Resource on why anecdotes aren’t reliable?

[Verity]

I hope this is the right forum. I wasn’t sure where to post this.

Does anyone have a good resource saved explaining why anecdotes are not reliable sources of information about medical treatments? I have a relative who will not stop bugging me about ME “treatments” that she’s convinced are effective because lots of people say they are. They’re always of the brain training/lifestyle changes variety. I don’t think it’s going to stop unless she understands why I’m unconvinced, and I get PEM from cognitive tasks easily so I can’t fully explain it to her myself. She has zero knowledge in this area, so the explanation would have to be from the ground up and accessible to a layperson. I found one good article, but it used too much technical language.

Any kind of resource would work, from an blog post to a post that already exists in this forum to a simple explanation that has worked for you in the past. Thought others might have had this problem before and saved something helpful!

 

[Utsikt]

I hope you find something. I’ve never had much luck explaining it to people that aren’t aware of it yet, but here’s another effort:

Perhaps comparing it to how superstitions come to be might be a way forward. People do something special and then they win a small sum in the lottery the next day. A superstitious person would do the special thing every time they play the lottery to create more luck, even though it’s obvious that we can’t influence the lottery numbers.
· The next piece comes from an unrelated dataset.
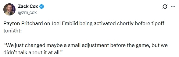 在谈到恩比德复出的话题时,普里查德说道:“赛前我们只做了小幅战术调整,但全队根本没有过多讨论这件事。”
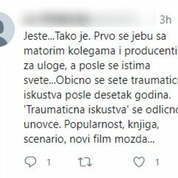 Jeste...Tako je. Prvo se je*u sa matorim kolegama i producentima, za uloge, a posle se istima svete...Obicno se sete traumaticnog iskustva posle desetak godina. 'Traumaticna iskustva' se odlicno unovce. Popularnost, knjiga, scenario, novi film mozda..., glasio je jedan od komentara na Tviteru na ovu temu

In the same way, people sometimes get better for no reason, just like the lottery. And sometimes, that happens at the same time that they tried something. That doesn’t mean that the something caused them to get better. It might have just happened at the same time.

We’ll always find coincidences like this. And if you want to say you have a treatment for something, you have to show that is wasn’t a coincidence. The people pushing treatments for ME/CFS have not done that yet.

 

[Verity]

@Utsikt That is a smart comparison! It’s accessible and doesn’t require any medical knowledge. Thank you.

 

[Kitty]

Often information doesn't make much difference, to be honest. The real problem is that it's hard for people to believe they can't help; that they can't do anything to change the outcome for someone.

Nearly everyone who develops ME/CFS goes through a phase of believing there must be something, and it takes time to understand—and accept—that there isn't. It's the same for relatives and friends, except that they're a step removed. They're not the ones whose bodies obstinately refuse to get better, so they don't understand that their efforts aren't helping and might even be making things worse. Most of us wouldn't have understood either, if we'd been the person trying to help instead of the one who was ill. It takes time.

The best suggestion I can think of is to tell them ways that they could help. Maybe ask them to do small things for you, or mention helpful things that others do?

 

[Verity]

@Kitty That is what I feared. It may not help, but I feel like I have to try because it drives me crazy!

They actually already help me a lot, considering they’re not local to me. I am not sure adding more would work if what they’re already doing hasn’t.